I pilastri dell’accordo: formazione e supporto
Il cuore del protocollo risiede nella valorizzazione del personale educativo e docente. Il sistema 0-6 richiede competenze specifiche e un costante aggiornamento metodologico: per questo motivo, il piano prevede l’avvio di percorsi di alta formazione rivolti a chi opera quotidianamente nelle strutture per l'infanzia. L’obiettivo è uniformare gli standard di qualità educativa, favorendo lo scambio di buone pratiche e l'innovazione didattica.
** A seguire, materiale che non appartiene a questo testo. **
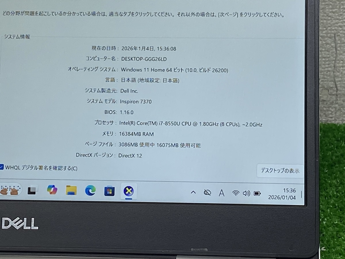 dell inspiron 7370 ノートPC Core i7 第8世代 i7-8550U デール ノートパソコン中古 メモリ16GB SSD256GB カメラ 13.3 フルHD LAPTOP

L'accesso a tali percorsi di alta formazione sarà riservato al personale educativo e docente in possesso dei titoli di studio previsti dalla normativa vigente per l'esercizio della professione nei servizi educativi per l'infanzia e nelle scuole dell'infanzia, garantendo così l'allineamento ai requisiti professionali richiesti dal sistema integrato.
Oltre alla formazione, l’accordo prevede un supporto operativo diretto ai Comuni, spesso chiamati a gestire la complessità dei servizi educativi con risorse umane e finanziarie limitate. La collaborazione con la Fondazione Compagnia di San Paolo garantirà, inoltre, un’attività di monitoraggio costante sulle esperienze sviluppate, permettendo di valutare l'impatto degli investimenti, inclusi quelli legati al PNRR, sull'effettiva accessibilità e qualità dei servizi offerti alle famiglie.
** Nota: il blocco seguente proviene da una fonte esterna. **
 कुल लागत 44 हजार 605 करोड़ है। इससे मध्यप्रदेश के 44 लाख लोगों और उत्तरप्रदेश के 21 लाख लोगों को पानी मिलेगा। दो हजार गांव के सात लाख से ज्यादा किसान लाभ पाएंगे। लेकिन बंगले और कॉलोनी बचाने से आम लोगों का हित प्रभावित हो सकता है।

Un impegno strategico per il triennio
L'orizzonte temporale fissato al 2027 sottolinea la volontà di non limitarsi a interventi spot, ma di costruire una strategia di lungo periodo. Il rafforzamento del sistema 0-6 in Piemonte si inserisce nel più ampio contesto nazionale che mira a superare la frammentazione tra nidi e scuole dell'infanzia, promuovendo un unico percorso educativo che accompagni il bambino dalla nascita fino ai sei anni.
Per le amministrazioni locali e per gli operatori del settore, questo accordo rappresenta un punto di riferimento fondamentale per la programmazione delle attività dei prossimi mesi. Le istituzioni coinvolte lavoreranno nei prossimi mesi alla definizione di linee guida operative che permetteranno di tradurre gli intenti del protocollo in azioni concrete sul territorio, garantendo che le risorse investite si traducano in servizi più capillari ed efficaci per l'intera comunità regionale.
Si attendono nelle prossime settimane ulteriori dettagli tecnici relativi ai bandi e alle modalità di partecipazione ai percorsi formativi, che saranno diffusi attraverso i canali ufficiali della Regione Piemonte e dell'Ufficio Scolastico Regionale.